Rezension: Zeit der Unschuld

Es ist kompliziert: Eigentlich ist der junge Anwalt Newland Archer in einer hervorragenden Situation. Er ist angesehen, reich und hat ein angenehmes Leben vor sich. Die Verlobung mit der jungen May Welland steht kurz bevor, als deren aus Europa geflohene Cousine die New Yorker Gesellschaft aufwirbelt. Es wird nicht gern gesehen, dass hier eine junge Frau ihren Ehemann verlassen hat und Archer soll versuchen, sie zur Vernunft zu bringen. Ellen Olenska zieht ihn jedoch mit ihrer ehrlichen Art sofort in ihren Bann. Sie treffen sich heimlich und kommen sich näher, allerdings stets im Bewusstsein ihrer ausweglosen Situation. Denn obwohl klar ist, wem sein Herz gehört, ist genauso klar, dass er sich nie öffentlich dazu bekennen kann. 
“The Age of Innocence“ von Edith Warthon erschien 1920 und war ein großer Erfolg, der ihr 1921 den Pulitzerpreis einbrachte.
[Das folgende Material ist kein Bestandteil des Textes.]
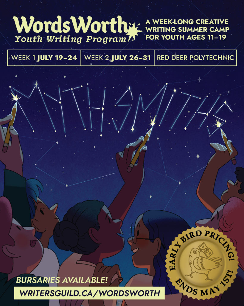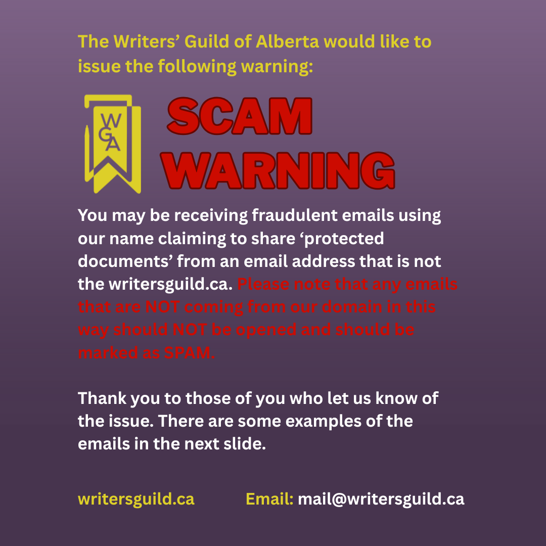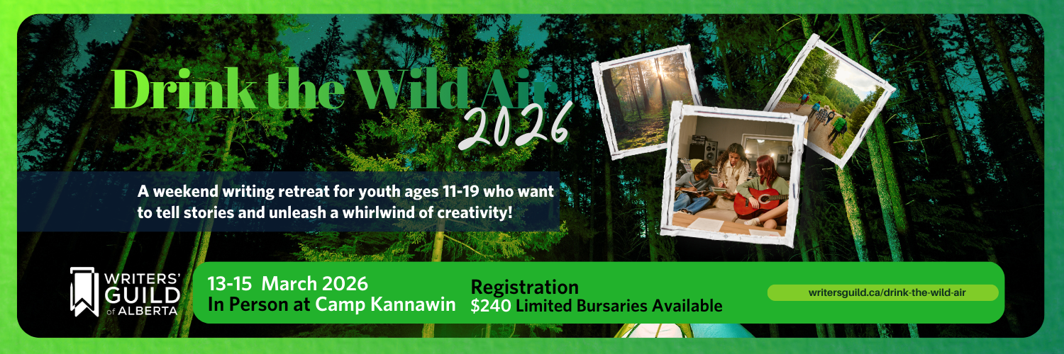 The Writers’ Guild of Alberta gratefully acknowledges our place in the homelands of Indigenous peoples within Mohkínsstsisi, amiskwaciy-wâskahikan, and rural and remote regions across the traditional territories of Treaties 4, 6, 7, 8, and 10. In an ongoing process of seeking truth and reconciliation, the WGA commits to building trust, cultivating meaningful relationships, and deepening our understanding of our treaty responsibilities on this land and in community. We commit to our role as Treaty People by listening to and following the lead of First Nations, Inuit, and Métis peoples. We hold profound gratitude for the First Nations, Inuit, and Métis peoples, including the storytellers, who have long cared for the more-than-human communities that have inspired so many authors across the province. The WGA believes that storytelling is a way forward, allowing non-Indigenous and Indigenous storytellers to learn from and connect with each other.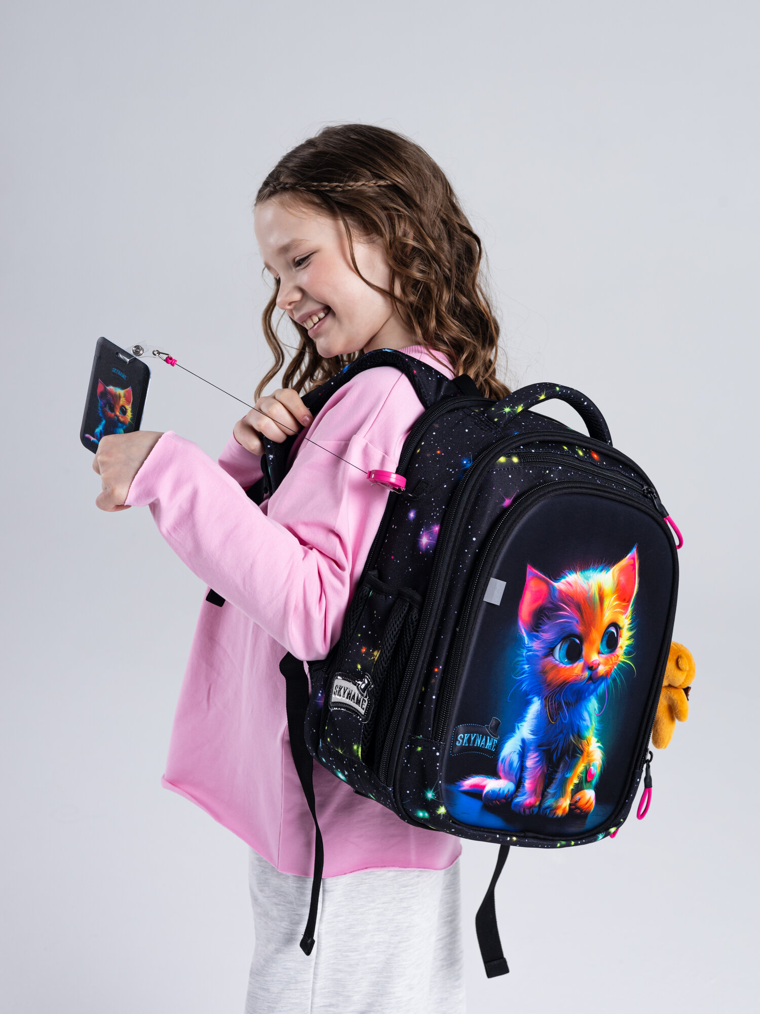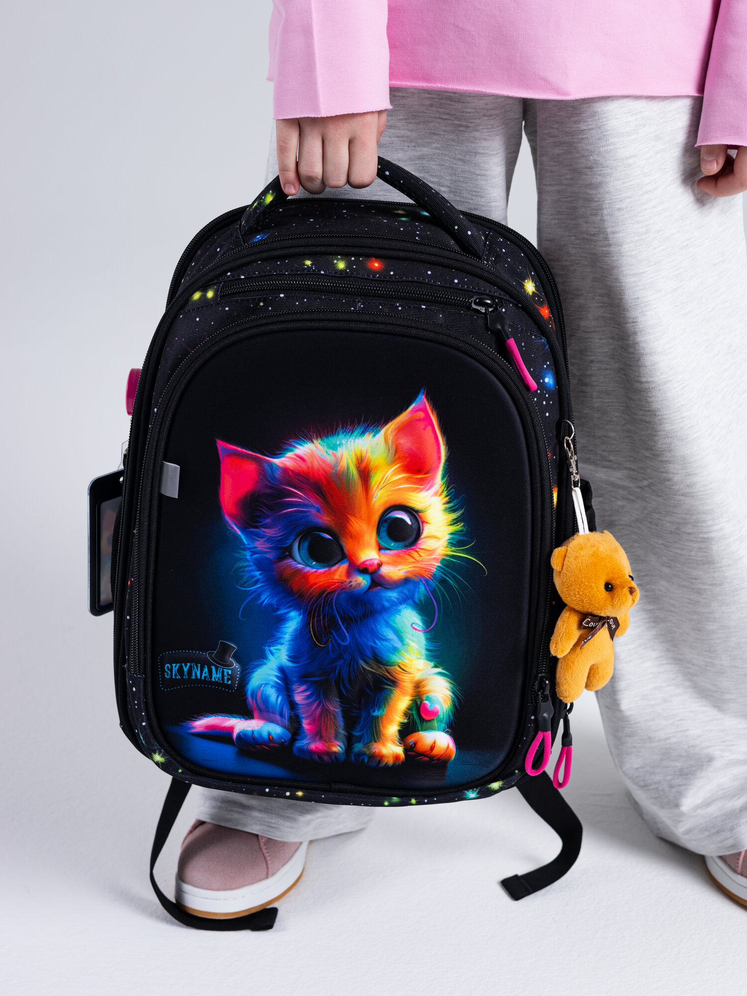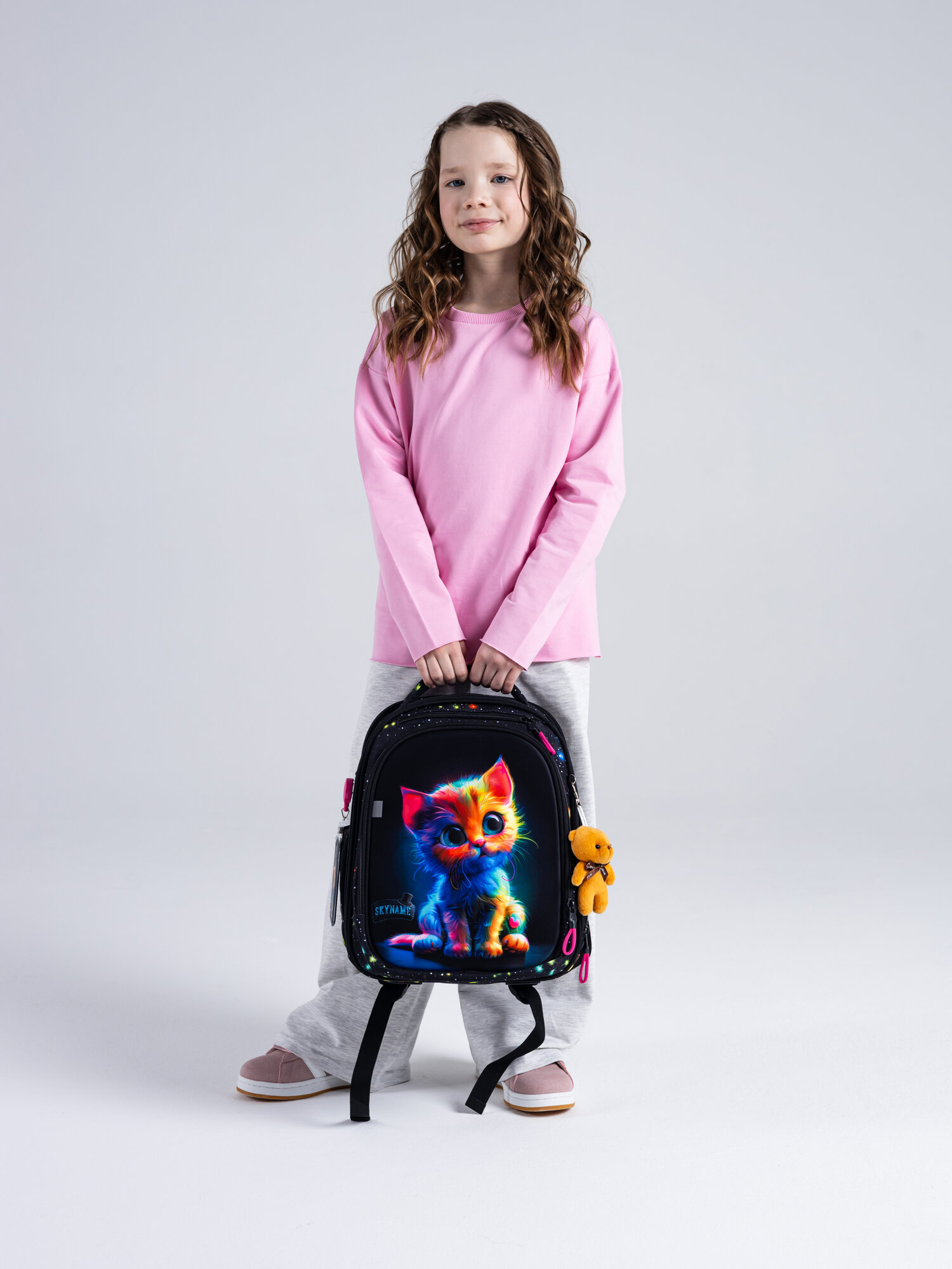 Рюкзак школьный 16 л для девочки начальной школы, с анатомической спинкой, набор 6 в 1 + брелок в подарок, SkyName

Nicht zuletzt die hochkarätig besetzte Verfilmung von Martin Scorsese hat dafür gesorgt, dass diese tragische Liebesgeschichte nicht in Vergessenheit geraten ist.
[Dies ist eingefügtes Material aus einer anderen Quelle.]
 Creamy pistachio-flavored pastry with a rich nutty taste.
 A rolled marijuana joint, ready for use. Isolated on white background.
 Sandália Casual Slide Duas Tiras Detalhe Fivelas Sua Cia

Nun hat der Manesse-Verlag eine Neuübersetzung des Klassikers von Andrea Ott herausgebracht.
"Zeit der Unschuld" ist kein Buch, das man mal eben so "runterlesen" kann. Die Autorin entwirft ein breites Panorama der New Yorker Upper Class und lässt dabei keine Einzelheit aus. Kleider und Frisuren werden ebenso bis ins kleinste Detail beschrieben wie familiäre Verwicklungen und die vielschichtigen Regeln, die in diesen Kreisen unausgesprochen galten. Für LeserInnen, die gerne in eine andere Zeit eintauchen, ist das Buch eine Fundgrube, die einen unverstellten Blick in die Vergangenheit ermöglicht. Andere werden sich vielleicht fragen, was uns dieser Klassiker heute noch zu sagen hat. Sicher wird heute niemand mehr von der Gästeliste gestrichen, wenn er beabsichtigt die Scheidung einzureichen und das ist auch gut so. Die Lektüre des Buches macht bewusst, wie viel Freiheit insbesondere die Frauen in den letzten hundert Jahren dazu gewonnen haben, wie eng die Fesseln waren, die viele mutige Kämpferinnen der Emanzipation ablegen mussten. Vergleicht man die von Edith Warthon beschriebenen Frauen mit den Frauen, die Louisa May Alcott in "Little Women" ("Betty und ihre Schwestern") 1868 zeigt, fällt auf, dass es im Amerika der damaligen Zeit durchaus ein freieres Denken gab. Das Korsett der Reichen war um einiges stärker geschnürt als das so mancher Frau auf dem Land. Dies im Hinterkopf habend ging es mir beim Lesen oft so, dass ich die Figuren am liebsten geschüttelt und ihnen zugerufen hätte: "Lasst euer Leben und eure Liebe doch nicht von Konventionen diktieren, befreit euch!" Es ist daher recht anstrengend, dabei zuzusehen, wie eben dies nicht geschieht und wie im Verlauf des Romans die Grenzen immer enger werden. Da dies jedoch durchgehend auf einem hohen sprachlichen Niveau geschieht, bleibt der Roman für alle, die sich gerne auf die Klassiker der Literatur einlassen, ein Lesevergnügen.
Das Rezensionsexemplar wurde mir über Blogg dein Buch zur Verfügung gestellt.